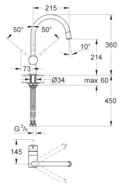 Смеситель Grohe Minta для кухни: настенный монтаж
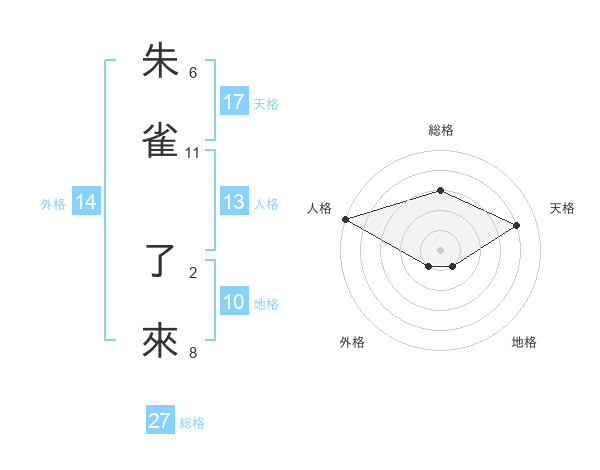 朱雀 了來さんの外格は14画の1点!
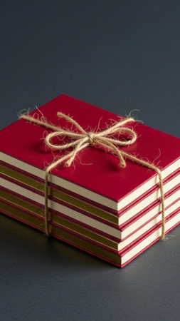 A striking, vertically oriented composition (9:16) featuring a centered stack of ruby-red notebooks
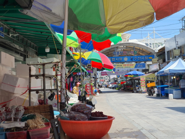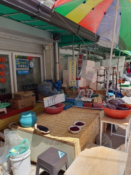 뭔가 마셔야 했어요. 그리고 잠깐 앉아서 쉬고 싶었어요. 음료수 파는 곳을 찾으며 주문진 종합시장을 걸어다니며 구경했어요.
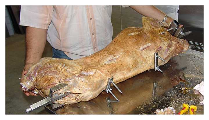 Электрический гриль Grill Master Ф6К2Э предназначен для приготовления баранов и кабанов на предприятиях общественного питания. Модель оснащена 2 рабочими камерами, 2 вертелами, подсветкой, распашными дверцами, 2 итальянскими мотор-редукторами, термостатом и таймером. Равномерное запекание обеспечивается благодаря непрерывному вращению туши непосредственно возле нагревателей. Изделие и вертелы-шампуры выполнены из пищевой нержавеющей стали, двери и задняя стенка - из термостойкого стекла. Дополнительные характеристики:
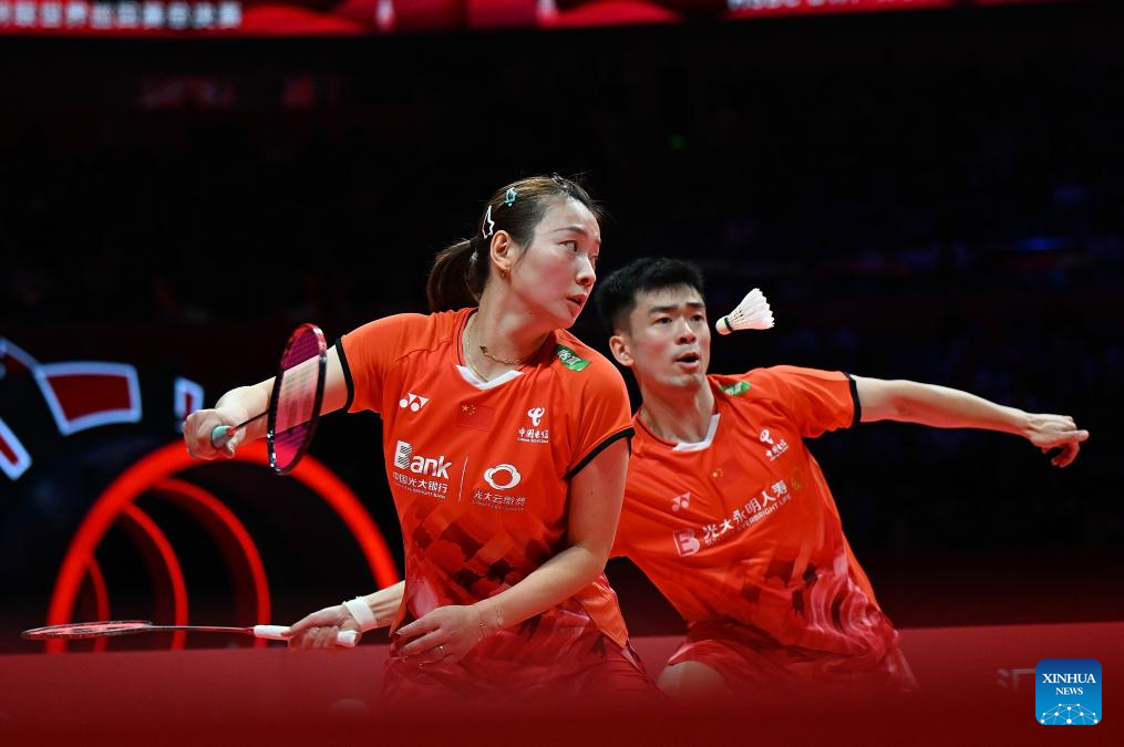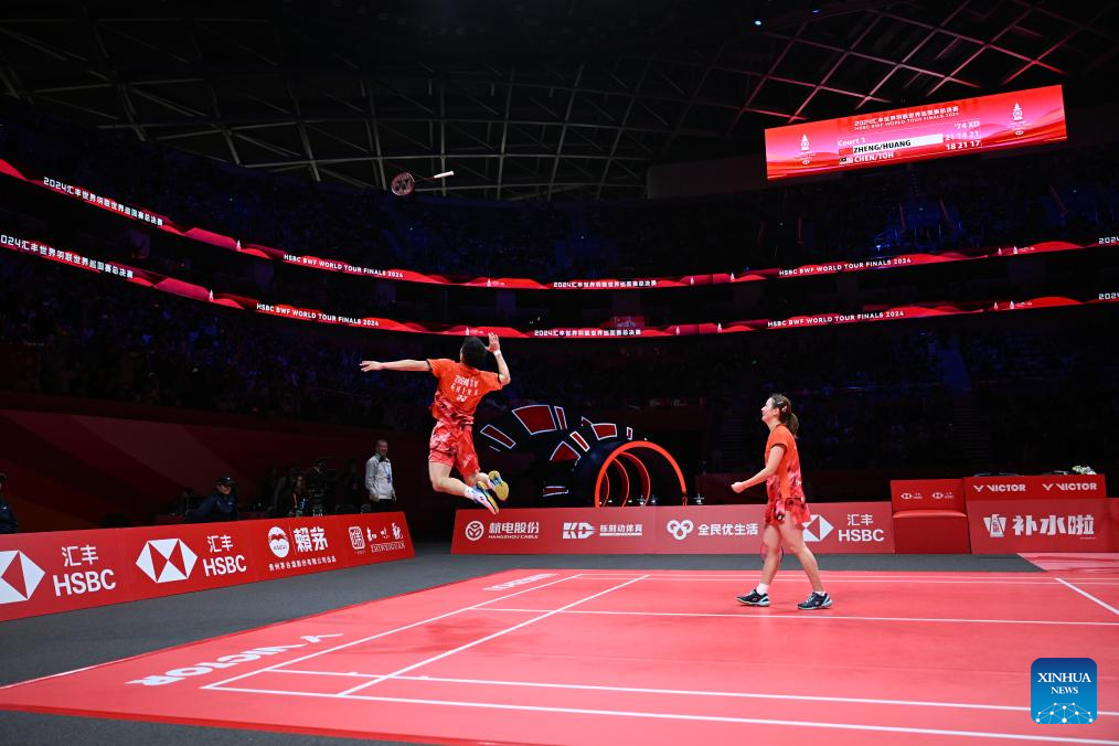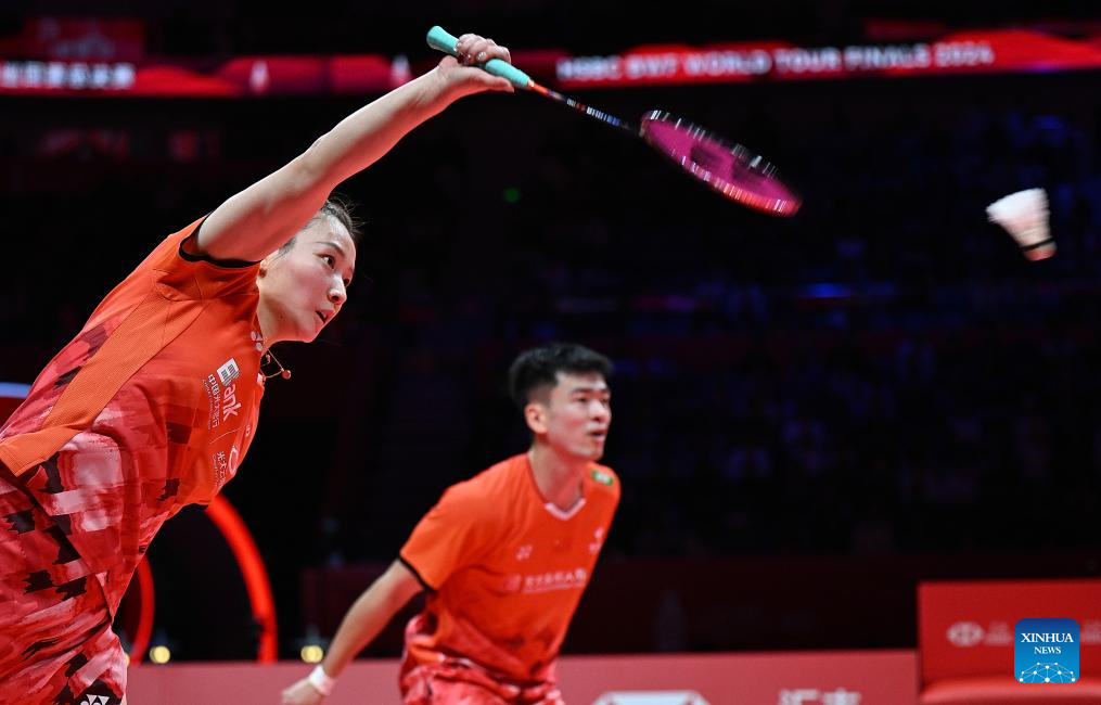Zheng Siwei (front)/Huang Yaqiong compete during the mixed doubles final match between Zheng Siwei/Huang Yaqiong of China and Chen Tang Jie/Toh Ee Wei of Malaysia at BWF World Tour Finals 2024 in Hangzhou, China, Dec. 15, 2024. (Xinhua/Hou Zhaokang)
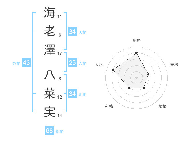 海老澤 八菜実さんの総格は68画の4点!
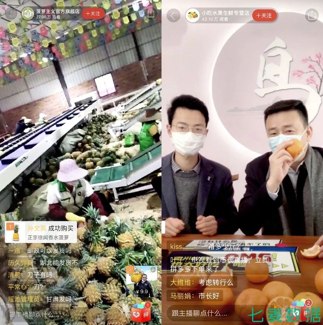 同时,也安排运营人员对商家进行直播教学,或让商家与平台主播合作,让商家能自发的、直接与用户面对面销售。如 2 月 19 日,「拼多多」的助农直播间中,两位县长在两个小时内,累计销售 50w 斤水果。「淘宝直播」发起的“村播计划”中,李佳琦、烈儿宝贝累计成交额超 1000w,极大程度上缓解了农产品滞销的困境。
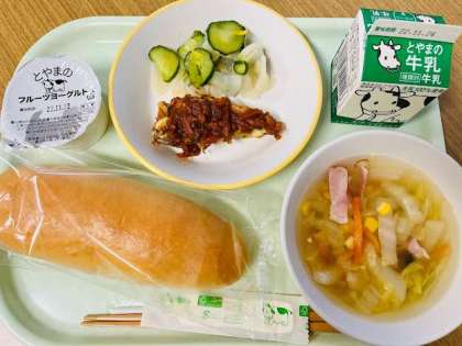 今日は地場産の食材をふんだんに使った、学校給食【とやまの日】献立です。
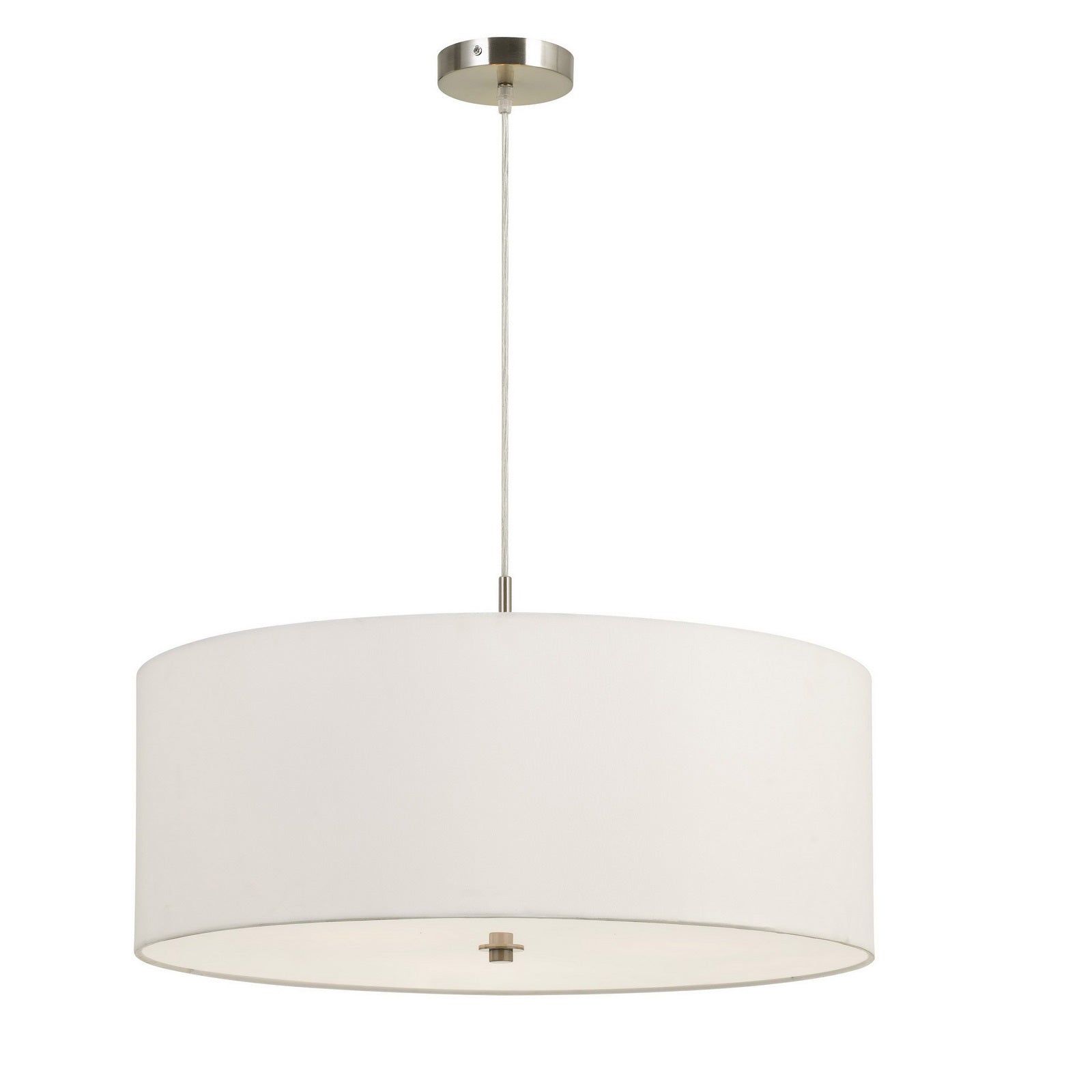 The FX-3629-3P Addison Drum Pendant Fixture is a stunning lighting piece that blends durability with elegance. Featuring a 24-inch diameter and a height of 12.25 inches, this fixture is constructed from durable metal and fabric, ensuring longevity. It requires three E26 base bulbs with a maximum wattage of 60W each (not included) and includes a diffuser to soften the light. The pendant comes with 6 feet of cord, making it versatile for various ceiling heights. Delivered in one carton, it is easy to install without the need for assembly. With a brushed steel base color, this fixture complements a range of decor styles and is backed by a one-year warranty, promising quality and craftsmanship.

++++++++

▶ _Exercise_
The answer must be an exact transcription of the lines from the one containing "同时,也安排运营人员对商家进行直播教学,或让商家与平台主播合作,让商家能自发的、直接与用户面对面销售。如 2 月" through the last line of the records above, both included, with no pictures.

▶ _Answer_
 同时,也安排运营人员对商家进行直播教学,或让商家与平台主播合作,让商家能自发的、直接与用户面对面销售。如 2 月 19 日,「拼多多」的助农直播间中,两位县长在两个小时内,累计销售 50w 斤水果。「淘宝直播」发起的“村播计划”中,李佳琦、烈儿宝贝累计成交额超 1000w,极大程度上缓解了农产品滞销的困境。
 今日は地場産の食材をふんだんに使った、学校給食【とやまの日】献立です。
 The FX-3629-3P Addison Drum Pendant Fixture is a stunning lighting piece that blends durability with elegance. Featuring a 24-inch diameter and a height of 12.25 inches, this fixture is constructed from durable metal and fabric, ensuring longevity. It requires three E26 base bulbs with a maximum wattage of 60W each (not included) and includes a diffuser to soften the light. The pendant comes with 6 feet of cord, making it versatile for various ceiling heights. Delivered in one carton, it is easy to install without the need for assembly. With a brushed steel base color, this fixture complements a range of decor styles and is backed by a one-year warranty, promising quality and craftsmanship.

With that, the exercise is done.